Tracecat is an open-source security automation platform that brings SOAR (Security Orchestration, Automation and Response) capabilities to teams that cannot afford or justify the cost of enterprise solutions like Tines, Splunk SOAR, or Palo Alto XSOAR. Backed by Y Combinator's Summer 2024 batch and carrying over 3,500 GitHub stars, Tracecat provides a visual workflow builder for creating automated response playbooks that handle the full lifecycle of security incidents — from initial alert triage through enrichment, investigation, and remediation.

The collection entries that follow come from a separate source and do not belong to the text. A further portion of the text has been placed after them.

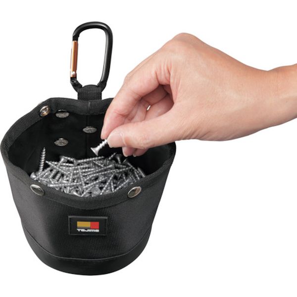 ・最も劣化しやすい底面・立ち上がり部を補強・側面が柔軟につぶれるので狭所での作業時もスムーズ・本体が自立するため腰から外してちょい置きもできる・スナップボタン2個付きでビスがこぼれにくい・工具収納用・色:黒・形状:パーツケース ビス用1口・幅(mm):110・奥行(mm):110・高さ(mm):190・セフ取付収納物総重量:3kg・セフホルダーが付属しておりません。ご使用になるには別途セフホルダーをお買い求めください。・本体:ポリエステル・本体:ポリ塩化ビニル(PVC)・カラビナ:アルミ・必ず許容総重量以内でご使用ください。・取扱い説明書をよく読んでからご使用ください。・製品仕様は予告なく変更する場合がございます。・予めご了承ください。・生産国 中国・JANコード 4975364267061・質量 110g・コード:366-6431 ・品目:SFPCNB1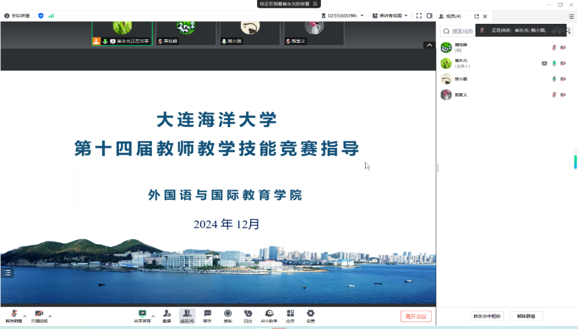 1222日,麻豆视频 召开腾讯会议,对推荐参加第十四届教师教学技能竞赛的两名青年教师进行了赛前培训指导。学院副院长崔永光、纪委书记黄桂峰、日语系副主任颜景义、青年教师导师张莹参加此次培训指导。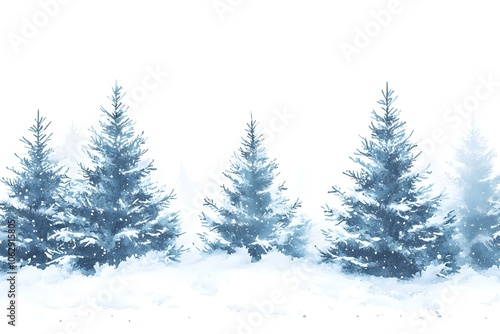 Watercolor Illustration of Snowy Forest with Christmas Trees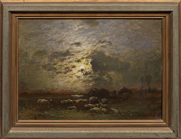 Impressionistisch aufgefasste, atmosphärische Mondscheinlandschaft mit effektvoller Schilderung des Lichts. Ein in Stil und Motiv typisches Werk Douzettes, der 1855/56 nach Berlin ging, wo er Schüler des Marine- und Landschaftsmalers Hermann Eschke wurde. Ab 1860 reiste er regelmäßig an die Ostseeküste, nach Rügen und auf den Darß. Schon in den 1860er Jahren entstanden erste Mondscheinlandschaften, die eines seiner Hauptsujets wurden. Douzette, der ab 1895 in Barth lebte, war zugleich mit der nahegelegenen Künstlerkolonie in Ahrenshoop verbunden. Öl/Malkarton. R. u. sign.; 34,5 cm x 50 cm. Rahmen.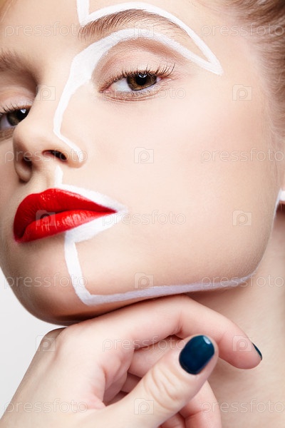 Портрет моды красоты молодой женщины. Женщина с необычным творческим макияжем на лице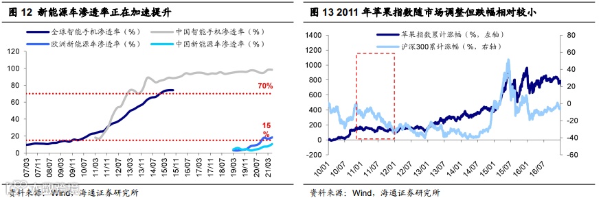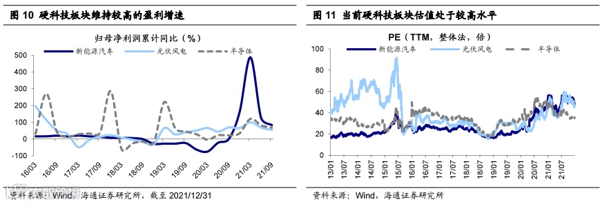 22年利润增速绝对值高但相比21年回落,估值消化契机是市场调整。2021年新能源车、光伏风电和半导体等硬科技板块表现亮眼,以公募基金为代表的机构配置比例较高,投资者关心2022年硬科技板块涨幅是否能够依然居前。对此我们从盈利和估值的匹配度来分析,首先硬科技板块的盈利增速确实要高于全A,根据Wind一致预期,21Q3/21E/22E新能源车产业链的归母净利润累计同比为83.1%/105.0%/ 42.5%,光伏风电产业链为54.1%/69.1%/35.5%,半导体产业链为67.5%/65.7%/28.5%,明显高于全部A股的25%/30%/5%。但是从趋势上看,硬科技板块的盈利增速在下滑,同时估值已经处于历史较高水平,截至2021/12/31新能源车产业链PE(TTM,下同)/13年以来自下而上分位数为48.9倍/92.8%,光伏风电产业链为48.5倍/70.3%,半导体产业链为35.7倍/65.2%。2022年硬科技板块的表现依赖于市场环境的变化,对此我们在《借鉴智能手机看新能源车产业演变-20210906》中指出过,2021年新能源车产业链类似2010年苹果产业链,高景气支撑高估值,但2011年苹果指数盈利有所下滑,随着市场整体调整苹果指数也同步消化估值。因此,我们认为新能源车等硬科技板块也会经历估值消化的阶段,但需要等市场环境改变,今年一季度市场有望延续上升趋势,未来市场如果出现调整则需要警惕这种情况的发生。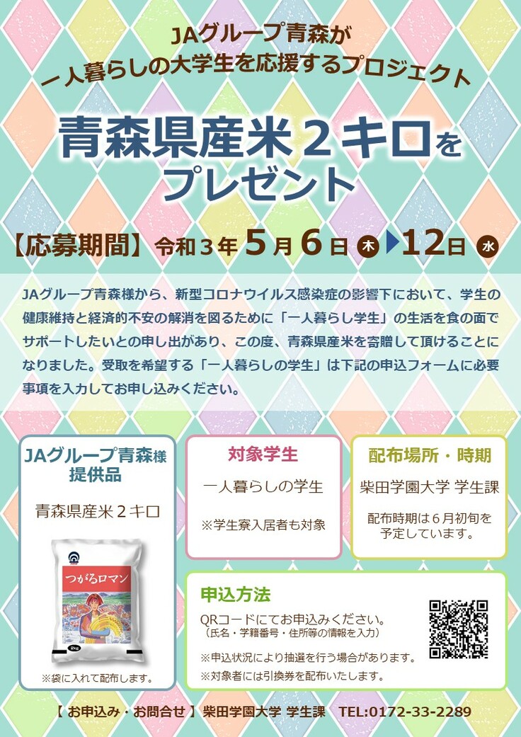●弘前市による「市食で応援!学生支援事業」(弘前学院大学、柴田学園大学、弘前医療福祉大学)

The platform's AI capabilities go beyond simple automation. LLM-powered playbook steps can reason about alert context, correlate events across multiple data sources, generate investigation summaries, and suggest remediation actions based on the specific characteristics of each incident. This transforms security operations from reactive, manual processes into proactive, semi-automated workflows where analysts focus on decision-making rather than repetitive data gathering. Integrations with common security tools — SIEMs, EDR platforms, ticketing systems, communication channels — ensure Tracecat fits into existing security stacks.
Self-hosting is free under the Apache-2.0 license, with Tracecat Cloud available as a managed option for teams that prefer not to maintain infrastructure. The SOAR category represents a genuine gap in the aicoolies catalog: while security scanning and code review tools are well represented, security automation and incident response tooling is entirely absent. For DevSecOps engineers and security teams in developer-heavy organizations, Tracecat provides the automation layer that connects security alerts to actual response actions.